[Pkg-postgresql-public] Bug#756606: marked as done (postgresql-9.1: Init-Script does not work together with heartbeat)

Debian Bug Tracking System Fri, 19 May 2017 10:45:27 -0700

Your message dated Fri, 19 May 2017 19:42:39 +0200
with message-id <20170519174239.vje6uaei57hy3...@msg.df7cb.de>
and subject line Re: Bug#756606: [Pkg-postgresql-public] Bug#756606: 
postgresql-9.1: Init-Script does not work together with heartbeat
has caused the Debian Bug report #756606,
regarding postgresql-9.1: Init-Script does not work together with heartbeat
to be marked as done.


This means that you claim that the problem has been dealt with.
If this is not the case it is now your responsibility to reopen the
Bug report if necessary, and/or fix the problem forthwith.

(NB: If you are a system administrator and have no idea what this
message is talking about, this may indicate a serious mail system
misconfiguration somewhere. Please contact ow...@bugs.debian.org
immediately.)


-- 
756606: http://bugs.debian.org/cgi-bin/bugreport.cgi?bug=756606
Debian Bug Tracking System
Contact ow...@bugs.debian.org with problems

--- Begin Message ---

Package: postgresql-9.1
Version: 9.1.13-0wheezy1
Severity: important

Dear Maintainer,

After drbd, heartbeat and postgresql-9.1 is installed and basically configured, 
the attempt to run postgresql init script from heartbeat's haresources fails in 
multiple ways.
Unfortunately, I cannot even tell why it doesn't work, since I cannot even see 
reasons why this doesn't work in ha-debug log with debuging enabled.

The following lists what's going wrong:

1) A usual case for Postgres HA Clusters is to have /var/lib/postgresql in a 
DRBD synced resource, which is only mounted on one node at a time.

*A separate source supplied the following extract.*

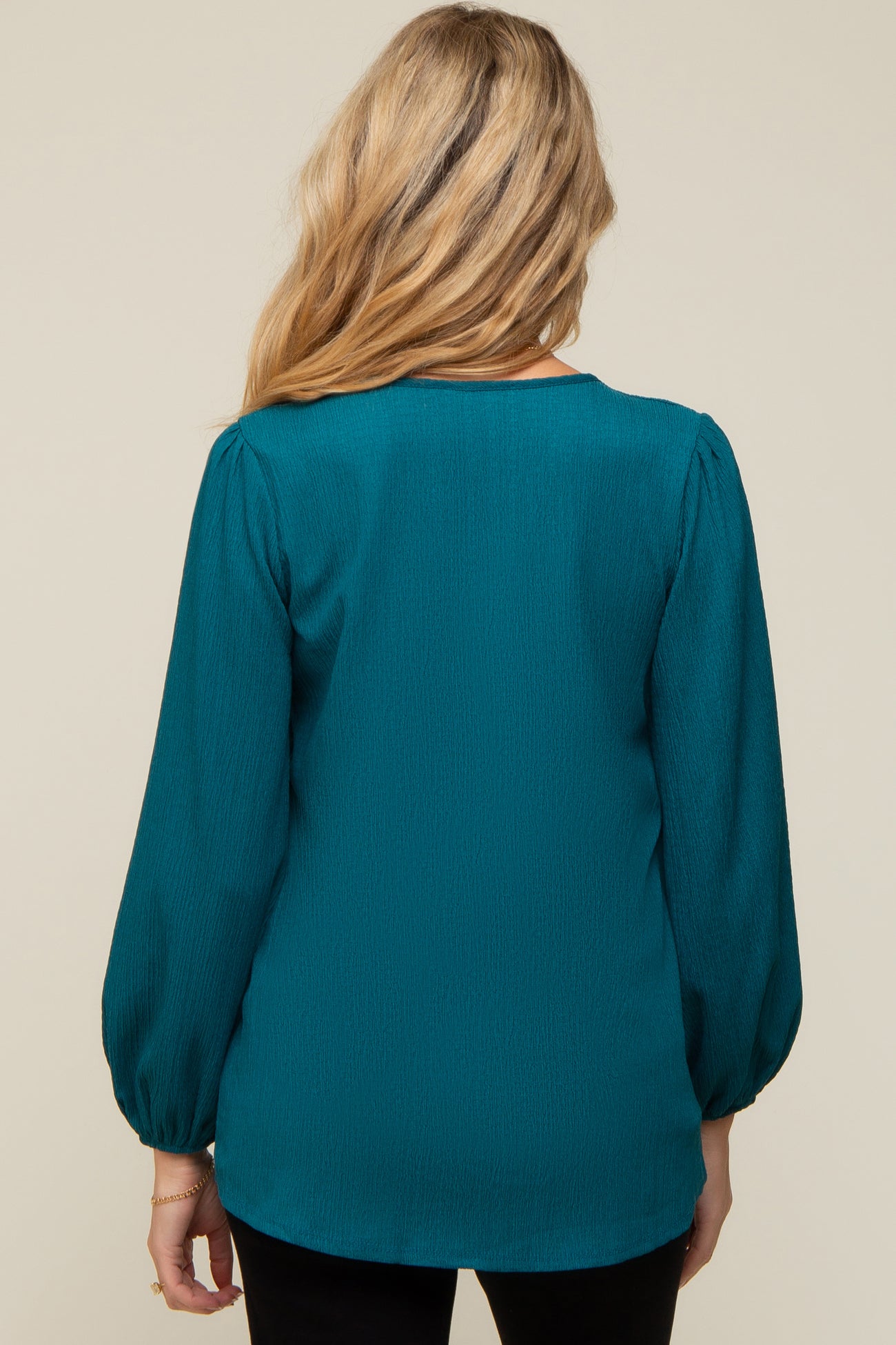 Details A solid textured maternity blouse featuring long sleeves and a v-neckline. Content + Care

When you 
have a resource group configured to start drbddisk, mount /var/lib/postgresql, 
start postgresql (in that order - see haresources - file listed later in this 
report) and start up heartbeat on both nodes, these resources are only started 
on the primary node for this resource group (first field in haresources file). 
These resources are not acquired on the standby - node.
Unfortunately, when stoping heartbeat on the standby node, heartbeat 
nevertheless tries to give up resources, even it hasn't acquired them before. 
Since /var/lib/postgresql wasn't mounted before on that node, issuing 
"/etc/init.d/postgresql stop" on the standby node fails, since it cannot find 
necessary files in /var/lib/postgresql .
Even without having heartbeat STONITH configured, this leads to a hard server 
reset somehow.
Solution: "/etc/init.d/postgresql stop" shouldn't return an error when the 
datadir is empty to make it usable along with heartbeat.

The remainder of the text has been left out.